Paul Berman, in his? rambling but very interesting post about the late Vaclav Havel, captures Havel’s description of what that something is. I quote Berman and Berman’s quotes of Havel. All italics are mine.

(Berman:) The Western-style democracies boasted of rule of law, human rights, democratic elections, market economies, and so on. Havel reminded everyone that these institutions, for all their charms, are “technical instruments,” useful only for achieving other purposes; and it was still necessary to acknowledge and refine and choose among the other purposes. In his estimation, an acknowledgment of other purposes required a notion of the transcendent.

He was happy to speak about what he called “the basic values of the West,” meaning a democratic market society with human rights. He looked on the “rapid dissemination” of the Western values as “the only salvation of the world today”–the best guarantee of “human freedom, justice, and prosperity.” Only, he could understand why, in different parts of the world, the spreading of these particular Western values might arouse skepticism and hostility:

(Havel:) The main source of objections would seem to be what many cultural societies see as the inevitable product or by-product of these values: moral relativism, materialism, the denial of any kind of spirituality, a proud disdain for everything suprapersonal, a profound crisis of authority and the resulting general decay of order, a frenzied consumerism, a lack of solidarity, a selfish cult of material success, the absence of faith in a higher order of things or simply in eternity, an expansionist mentality that holds in contempt everything that in any way resists the dreary standardization and rationalism of technical civilization.

(Berman:) He blamed the democratic world for what he called “its limited ability to address humanity in a genuinely universal way.”

Havel: As a consequence, democracy is seen less and less as an open system that is best able to respond to people’s basic needs; as a set of possibilities that must be continually rediscovered, redefined, and brought into being. Instead democracy is seen as something given, finished, and complete as is, something that can be exported like cars or television sets, something that the more enlightened purchase and the less enlightened do not.

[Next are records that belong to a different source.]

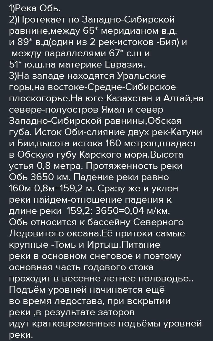 Опишите географическое положение реки Обь. Заполните таблицу.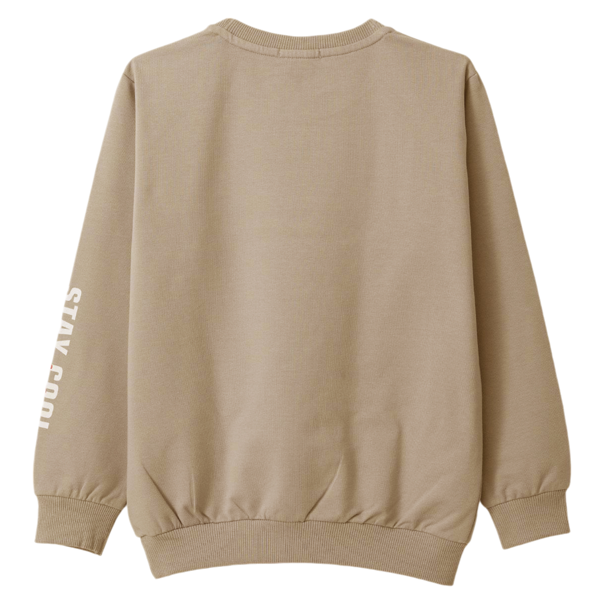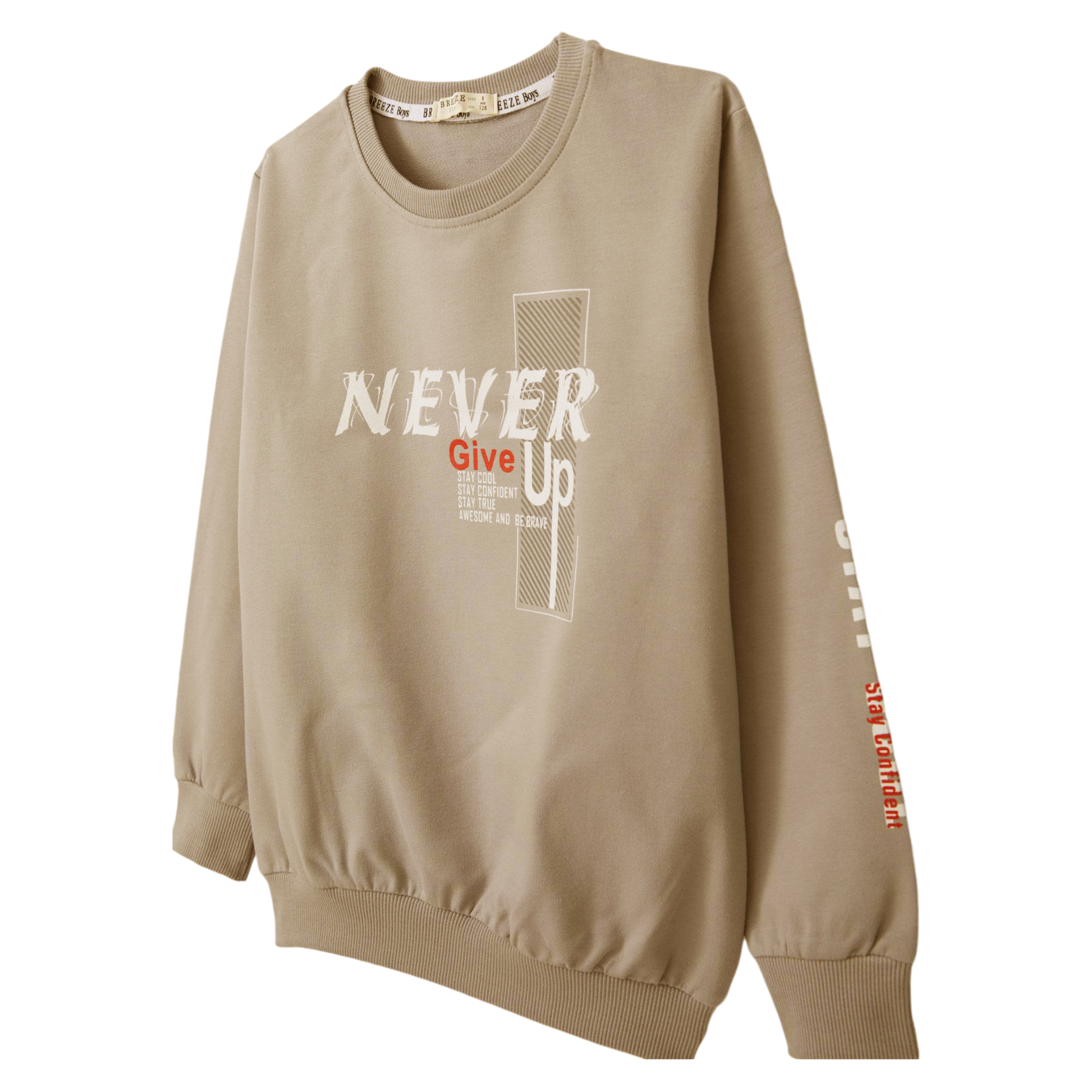 Cienka bluza chłopięca, beżowa z kolekcji jesień-zima, z nadrukiem "NEVER GIVE UP" oraz inspirującymi hasłami na przodzie. Długie rękawy ozdobione napisem "STAY COOL" oraz elastyczne ściągacze na mankietach i u dołu zapewniają komfort i styl. Bluza wkładana przez głowę, nie posiada kieszeni ani zapięć, co czyni ją prostą i wygodną w użytkowaniu. Idealna na co dzień, lekka i funkcjonalna.
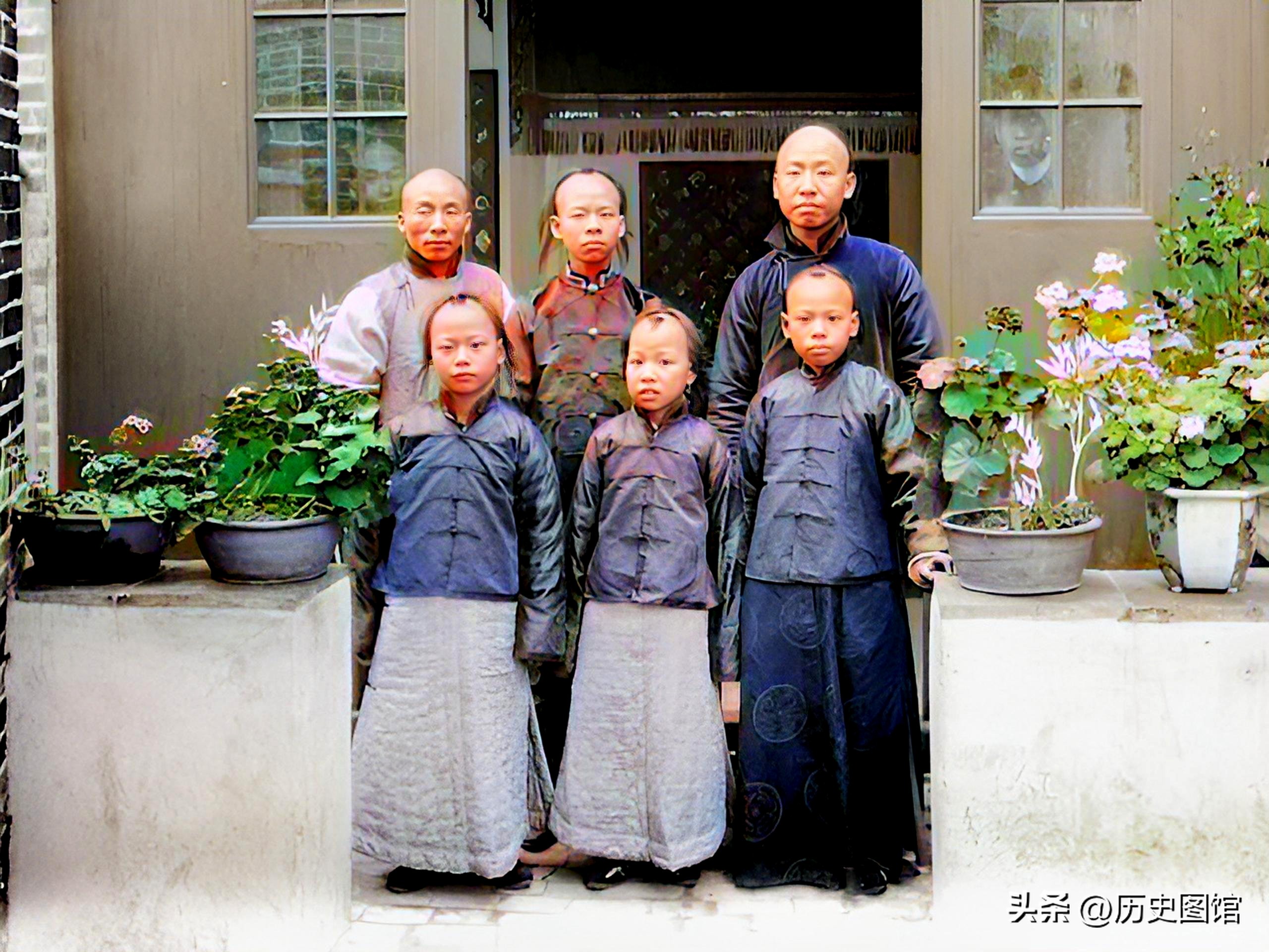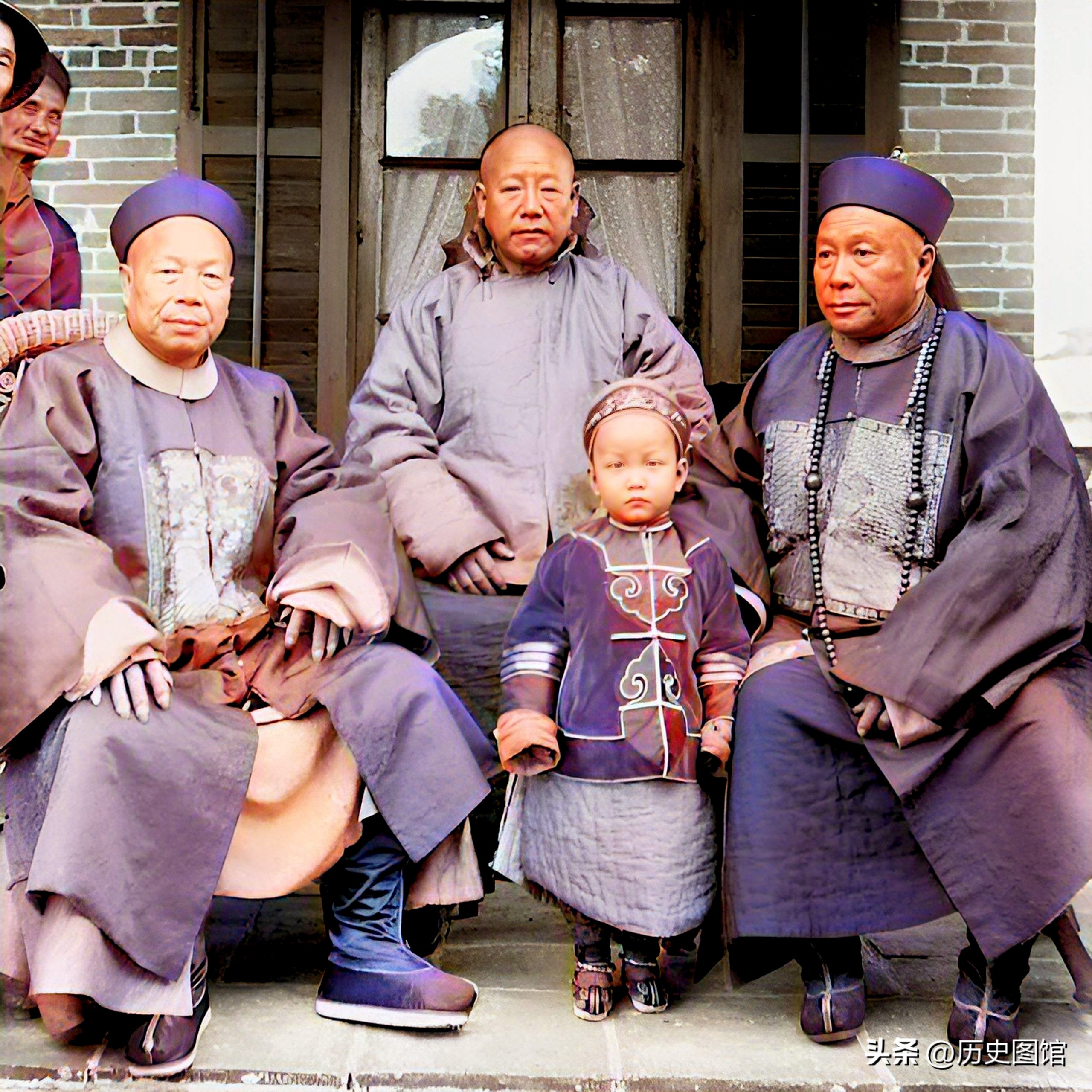 清朝末年,阳江当第一户人家的合影。看起来像是祖孙三代。站在左边是一对夫妻,旁边是母亲,最右边的应该是她的孙子。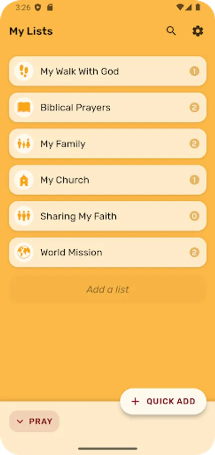 * Schedule cards by date or day of the week/month, or just let PrayerMate pick for you
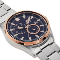 Корпус: Корпус из нержавеющей стали с IP покрытием цвета розового золота по безелю. Циферблат синего цвета. Стрелки и метки в виде штрихов с покрытием цвета розового золота. Минеральное стекло устойчиво к повреждениям. Завинчивающаяся заводная головка и задняя крышка. Вращающийся однонаправленный безель. Завинчивающаяся задняя крышка и заводная головка. Диаметр корпуса: 42,8 мм. Толщина: 13,1 мм. Водонепроницаемость: 200 м.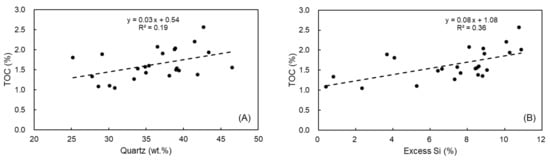 Relationship between the TOC content and the quartz and excess Si contents of the Longmaxi shales. (A) TOC vs. quartz. (B) TOC vs. excess Si.

In other words, it seems to me that the mistake lies not only with the backward consumers of exported democratic values, but in the very form or understanding of those values at present, and in the climate of the civilization with which they are directly connected, or seem to be connected in the eyes of a large part of the world. And that means of course that the mistake also lies in the way those values are exported, which often betrays an attitude of superiority and contempt for all those who hesitate to accept the offered goods automatically.